(Items from a data source)
--------
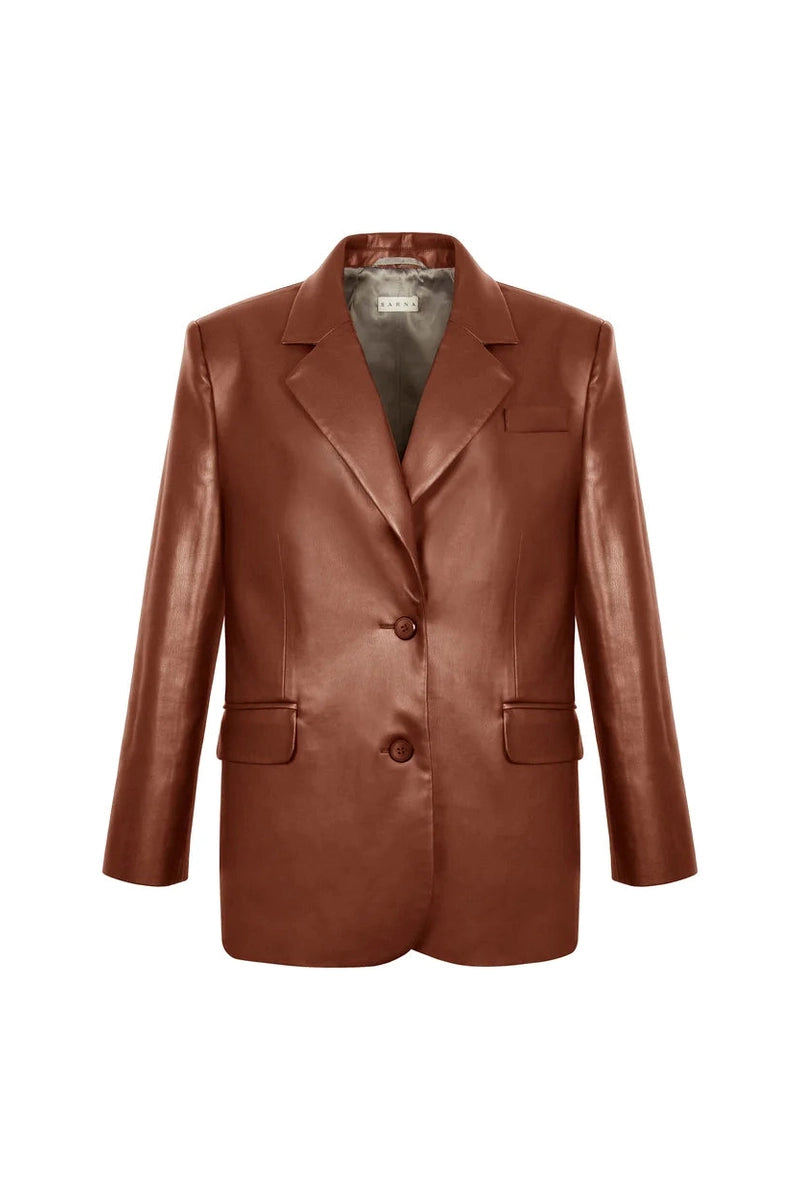 Жакет із коричневої екошкіри. М’який і теплий, універсальний для базових образів, що підкреслюють стиль. При його створенні ми прагнули дати волю експерем поєднань.
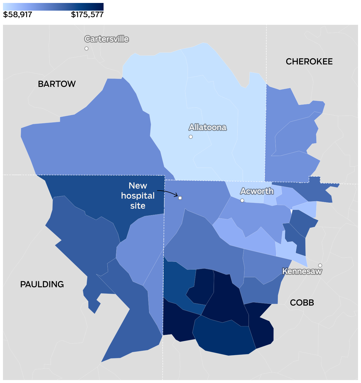 Wellstar's proposed Acworth hospital is within five miles of some of the wealthiest Census tracts in the state. Median household incomes near the site are as high as $175,000 in some areas.
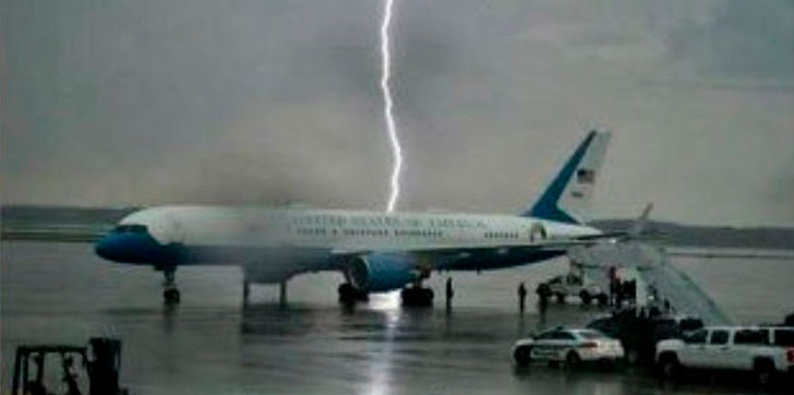 CAROLINA DEL NORTE.- Un rayo que este lunes impactó en tierra en el estado de Carolina del Norte lo hizo justo detrás de donde se encontraba estacionado el Air Force One, el avión presidencial estadounidense, en el aeródromo militar de Cherry Point en Havelock. El incidente tuvo lugar poco después de la llegada de Donald Trump a ese estado.
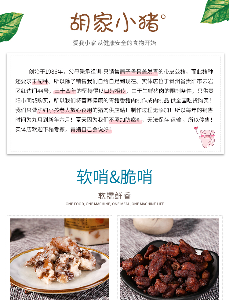 【胡家小猪】手工贵州特产猪肉软哨子猪油无食品添加剂包邮
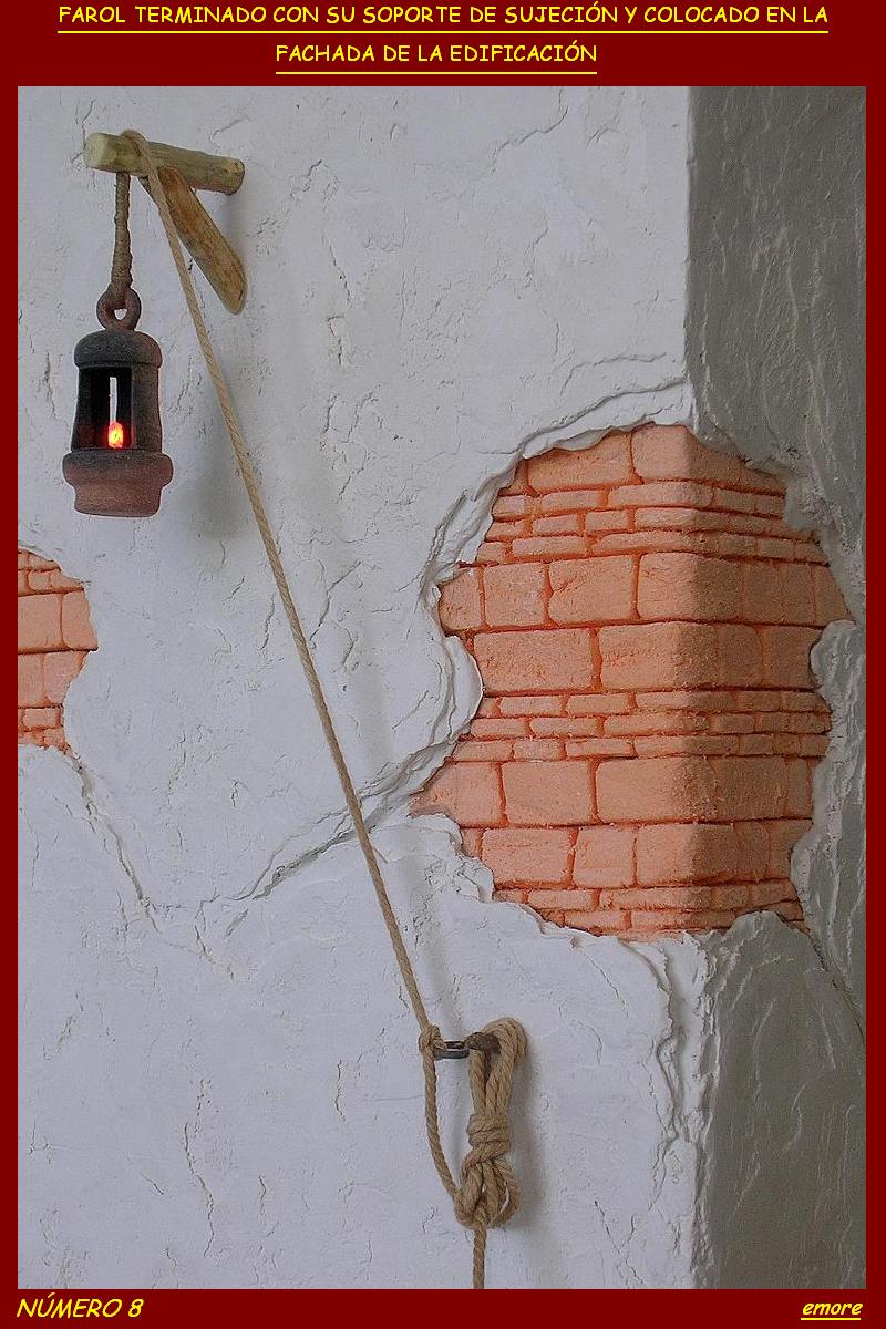 Foto número 8 .- Farol terminado con su soporte de sujeción y colocado en la fachada de la edificación.
--------
▸ WORK ORDER
Without any pictures, please reproduce the full set of entries.

▸ EXERCISE RESULT
 Жакет із коричневої екошкіри. М’який і теплий, універсальний для базових образів, що підкреслюють стиль. При його створенні ми прагнули дати волю експерем поєднань.
 Wellstar's proposed Acworth hospital is within five miles of some of the wealthiest Census tracts in the state. Median household incomes near the site are as high as $175,000 in some areas.
 CAROLINA DEL NORTE.- Un rayo que este lunes impactó en tierra en el estado de Carolina del Norte lo hizo justo detrás de donde se encontraba estacionado el Air Force One, el avión presidencial estadounidense, en el aeródromo militar de Cherry Point en Havelock. El incidente tuvo lugar poco después de la llegada de Donald Trump a ese estado.
 【胡家小猪】手工贵州特产猪肉软哨子猪油无食品添加剂包邮
 Foto número 8 .- Farol terminado con su soporte de sujeción y colocado en la fachada de la edificación.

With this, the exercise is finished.